A Key Enzyme
A new study has been able to extend the lifespan of worms and flies by inhibiting RNA polymerase III (Pol III). Since the enzyme is common to all animal species, including humans, researchers hope the discovery could lead to groundbreaking new therapies.
Researchers have long known that Pol III plays a key role in cell growth and the production of proteins, but recent insights revealed that when its activity was reduced during adulthood, the survival of yeast cells (as well as the longevity of flies and worms) could be extended by an average of 10 percent.
"We’ve uncovered a fundamental role for Pol III in adult flies and worms: its activity negatively impacts stem cell function, gut health and the animal’s survival," commented first author Danny Filer of the UCL Institute of Healthy Ageing, in a press release. "When we inhibit its activity, we can improve all these. As Pol III has the same structure and function across species, we think its role in mammals and humans warrants investigation as it may lead to important therapies."
Yeast, flies, and worms were selected for the study as they are not closely related, but all bear the enzyme. Various techniques, including insertional mutagenesis and RNA mediated interference, were used to inhibit Pol III and observe the results.

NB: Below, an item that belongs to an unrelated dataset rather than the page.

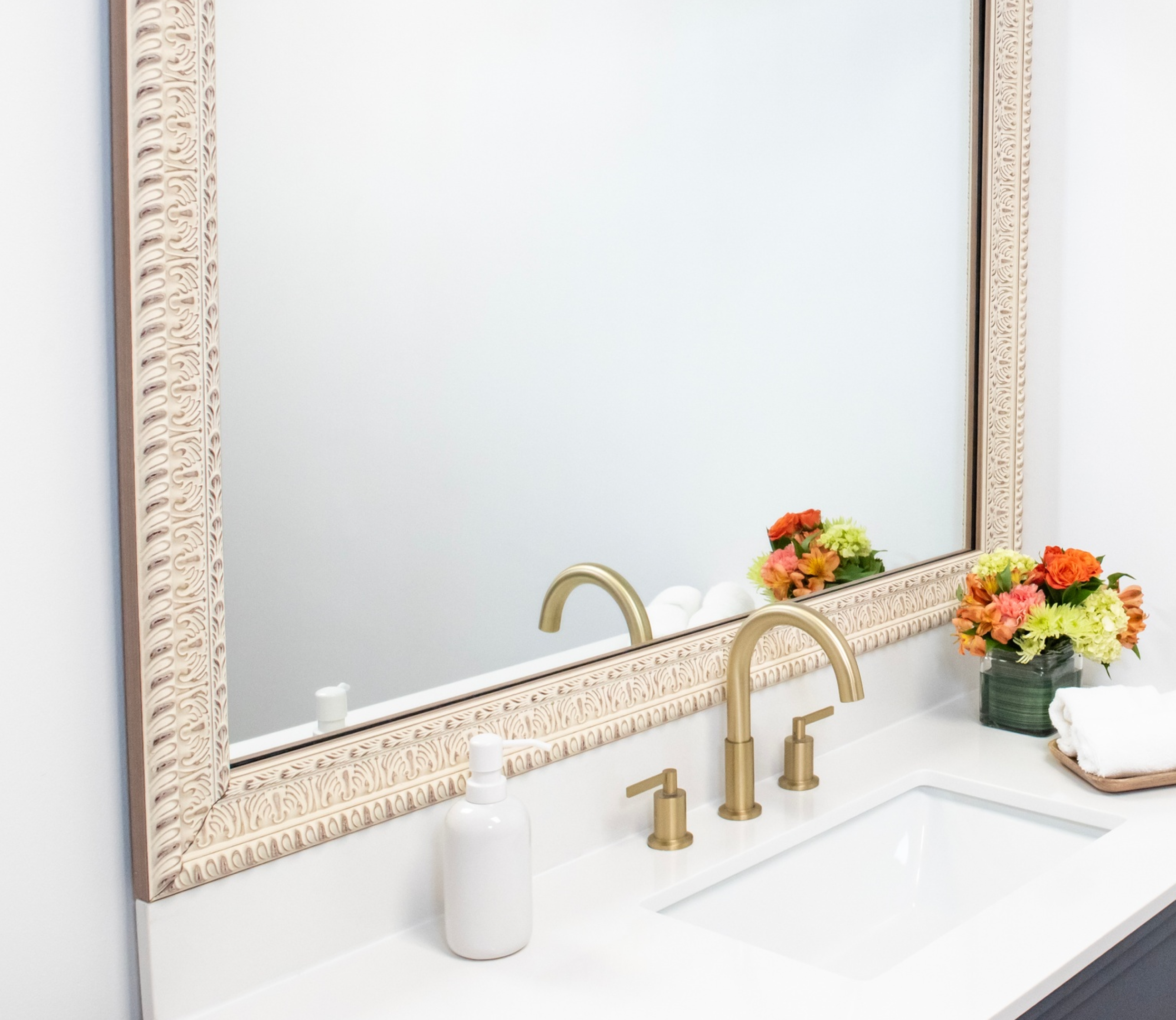 The perfect facelift for new construction, dated, or decaying bathroom mirrors.

When it was inhibited in the gut of flies and worms, they lived longer. This was also the case when it was inhibited in only the flies' intestinal stem cells.
Extending Life
The results of Pol III inhibition have been compared to reactions to the immune-suppressing drug rapamycin, which is taken by cancer patients and organ transplant recipients. The drug has previously been shown to extend the lifespan of dogs. This latest study could help researchers better understanding exactly how rapamycin actually works.
"We now think that Pol III promotes growth and accelerates aging in response to a signal inhibited by rapamycin and that inhibiting Pol III is sufficient to result in flies living longer as if they were given rapamycin," said co-author Dr. Nazif Alic. "If we can investigate this mechanism further and across a wider range of species, we can develop targeted antiaging therapies."
The rapamycin compound was first discovered on Easter Island and has since been used to create drugs capable of extending the lives of several species. However, there hasn't been a study of its effects on human subjects — at least not yet.
Gaining a further understanding of the mechanism behind rapamycin could certainly make the idea of a human trial more tenable. The team plans to continue their research into how inhibiting Pol III effects an adult organism, and why doing so results in a longer lifespan. An anti-aging pill is still a long way off, but this type of research could provide some key foundational knowledge.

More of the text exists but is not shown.